Please repeat, exactly and without pictures, the lines of the entries below that run from the one containing "VINTAGE Womens Boat" through the one containing "RowBlock 将多个具有".

### Exercise material
───

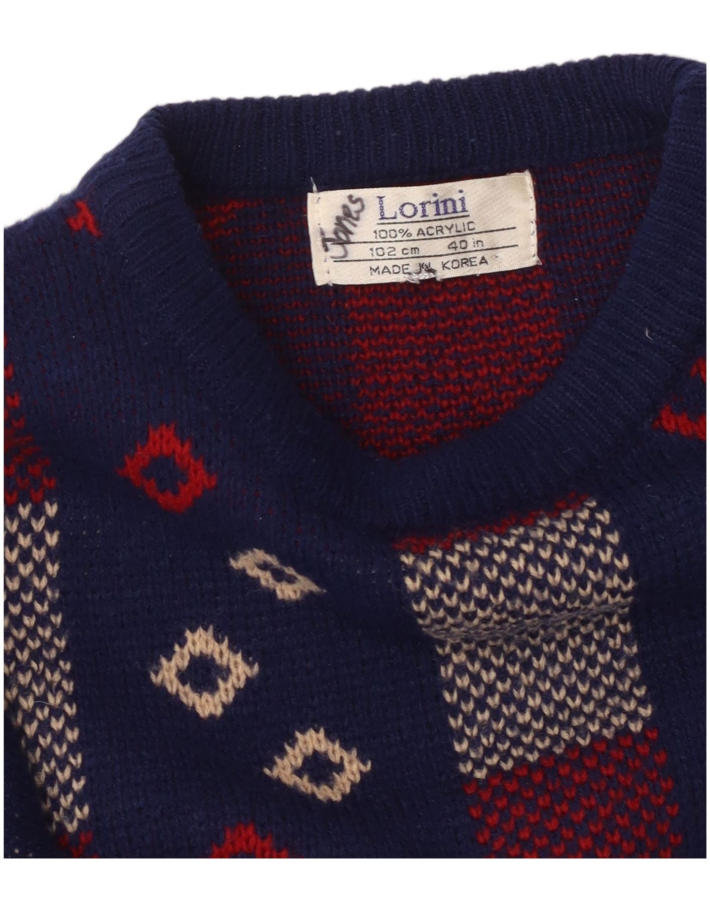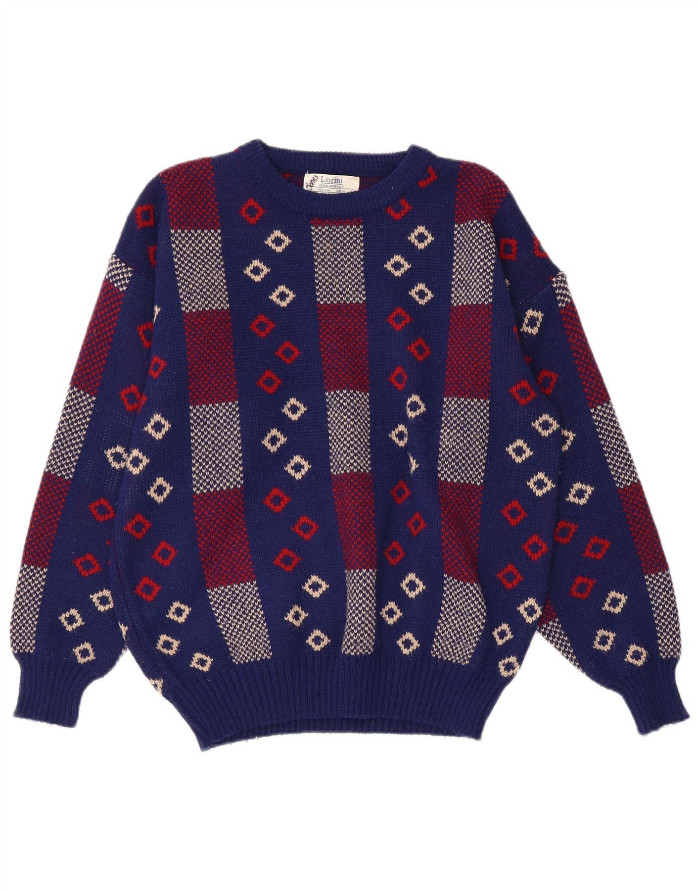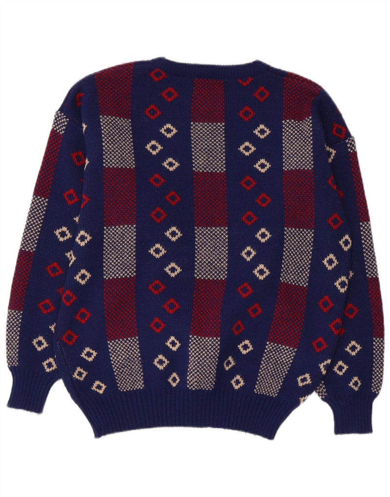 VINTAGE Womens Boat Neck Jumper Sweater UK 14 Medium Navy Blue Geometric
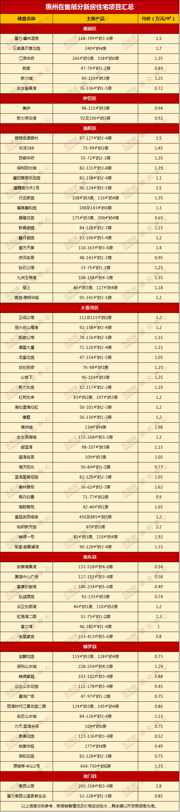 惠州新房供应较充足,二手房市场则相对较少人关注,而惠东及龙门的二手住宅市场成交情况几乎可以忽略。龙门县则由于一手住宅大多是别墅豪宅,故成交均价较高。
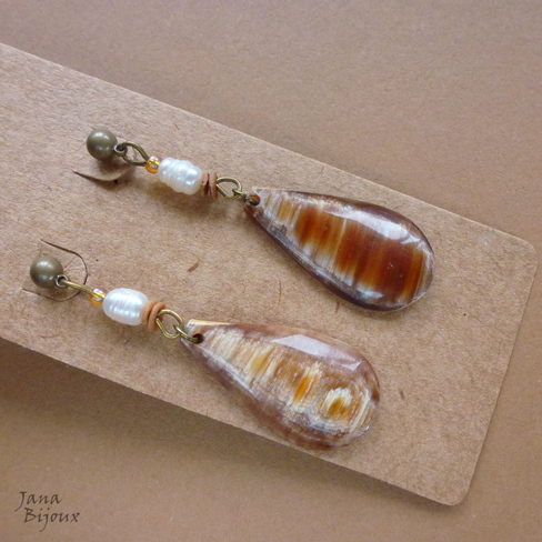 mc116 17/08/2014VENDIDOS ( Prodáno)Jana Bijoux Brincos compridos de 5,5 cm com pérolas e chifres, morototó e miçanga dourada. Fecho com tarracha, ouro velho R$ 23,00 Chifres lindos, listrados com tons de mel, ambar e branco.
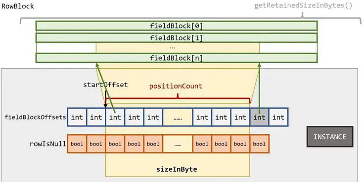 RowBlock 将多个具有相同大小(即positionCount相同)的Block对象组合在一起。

───

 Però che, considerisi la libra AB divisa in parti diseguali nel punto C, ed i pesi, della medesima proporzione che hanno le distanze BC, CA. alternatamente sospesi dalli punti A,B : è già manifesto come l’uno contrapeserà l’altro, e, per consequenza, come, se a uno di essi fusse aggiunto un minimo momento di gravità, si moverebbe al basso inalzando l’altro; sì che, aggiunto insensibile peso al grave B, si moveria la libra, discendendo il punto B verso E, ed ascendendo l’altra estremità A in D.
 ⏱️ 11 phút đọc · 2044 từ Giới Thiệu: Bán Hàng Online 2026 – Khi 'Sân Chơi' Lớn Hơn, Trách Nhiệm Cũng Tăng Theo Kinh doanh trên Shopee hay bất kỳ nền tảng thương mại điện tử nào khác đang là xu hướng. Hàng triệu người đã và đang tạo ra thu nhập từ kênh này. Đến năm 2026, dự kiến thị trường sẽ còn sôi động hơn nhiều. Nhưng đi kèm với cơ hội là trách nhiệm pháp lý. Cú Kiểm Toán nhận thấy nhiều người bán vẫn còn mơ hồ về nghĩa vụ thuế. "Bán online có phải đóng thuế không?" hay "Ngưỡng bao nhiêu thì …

───

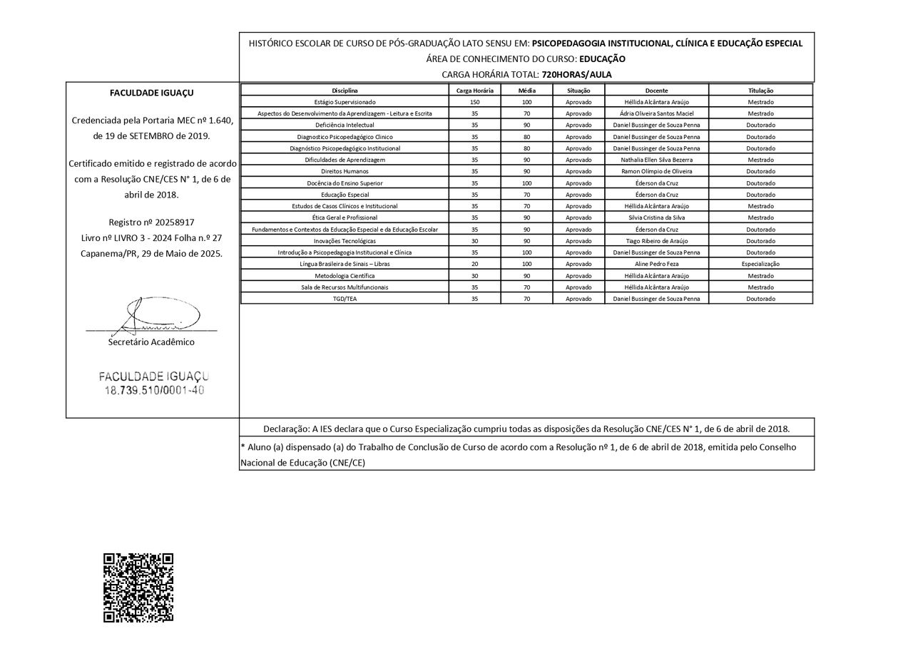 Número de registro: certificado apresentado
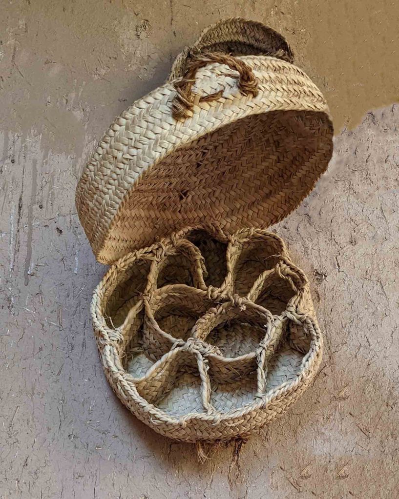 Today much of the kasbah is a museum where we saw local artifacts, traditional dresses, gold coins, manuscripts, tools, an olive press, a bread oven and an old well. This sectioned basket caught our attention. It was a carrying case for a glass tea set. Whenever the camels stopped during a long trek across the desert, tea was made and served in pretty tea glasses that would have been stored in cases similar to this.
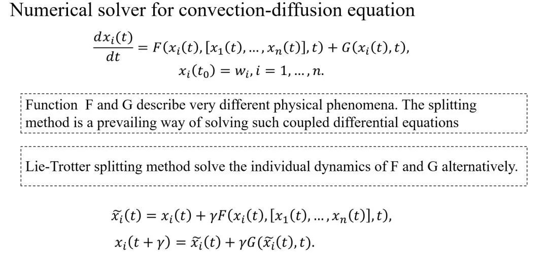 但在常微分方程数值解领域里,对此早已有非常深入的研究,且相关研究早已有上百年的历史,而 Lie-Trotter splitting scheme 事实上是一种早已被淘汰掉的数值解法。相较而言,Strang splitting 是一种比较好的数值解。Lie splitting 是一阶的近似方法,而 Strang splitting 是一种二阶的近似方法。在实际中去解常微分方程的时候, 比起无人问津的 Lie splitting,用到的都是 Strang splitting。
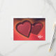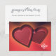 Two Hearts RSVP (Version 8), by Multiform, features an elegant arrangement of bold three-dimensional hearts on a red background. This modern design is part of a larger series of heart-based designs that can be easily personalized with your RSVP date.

───

### The answer
 VINTAGE Womens Boat Neck Jumper Sweater UK 14 Medium Navy Blue Geometric
 惠州新房供应较充足,二手房市场则相对较少人关注,而惠东及龙门的二手住宅市场成交情况几乎可以忽略。龙门县则由于一手住宅大多是别墅豪宅,故成交均价较高。
 mc116 17/08/2014VENDIDOS ( Prodáno)Jana Bijoux Brincos compridos de 5,5 cm com pérolas e chifres, morototó e miçanga dourada. Fecho com tarracha, ouro velho R$ 23,00 Chifres lindos, listrados com tons de mel, ambar e branco.
 RowBlock 将多个具有相同大小(即positionCount相同)的Block对象组合在一起。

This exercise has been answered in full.